My Card is (from ./deviceQuery )
Device 0: “GeForce 9800M GTX”
Major revision number: 1
Minor revision number: 1
Total amount of global memory: 1073414144 bytes
Number of multiprocessors: 14
Number of cores: 112
Total amount of constant memory: 65536 bytes
Total amount of shared memory per block: 16384 bytes
Total number of registers available per block: 8192
Warp size: 32
Maximum number of threads per block: 512
Maximum sizes of each dimension of a block: 512 x 512 x 64
Maximum sizes of each dimension of a grid: 65535 x 65535 x 1
Maximum memory pitch: 262144 bytes
Texture alignment: 256 bytes
Clock rate: 0.55 GHz
Concurrent copy and execution: Yes
As I found out (here in the forum) the device-to-device bandwith should be in the range of about 50GB/s.

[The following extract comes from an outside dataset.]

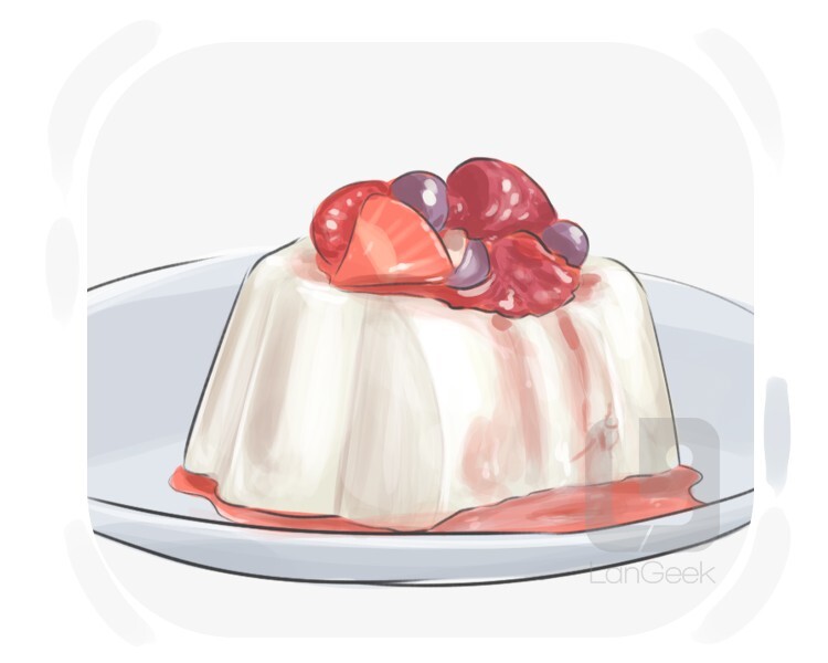 an Italian dessert made by simmering cream, sugar, and vanilla together, and then thickening the mixture with gelatin and chilling it until set

But I get (bandwidthTest):
Host to Device Bandwidth for Pageable memory
Transfer Size (Bytes) Bandwidth(MB/s)
33554432 691.3
Device to Host Bandwidth for Pageable memory
Transfer Size (Bytes) Bandwidth(MB/s)
33554432 965.5
Device to Device Bandwidth
Transfer Size (Bytes) Bandwidth(MB/s)
33554432 15082.6
A device-ot-device bandwidth of just 15GB/s, which is 30% of what it should be !
Also, the host-to-device and device-to-host transfer is really slow !
No, they state that the shader clock should be 1250MHz. Also, the bandwidthTest measures copying from A to B issuing both a read and a write for each operation. Actual bandwidth is therefore twice the reported thruput.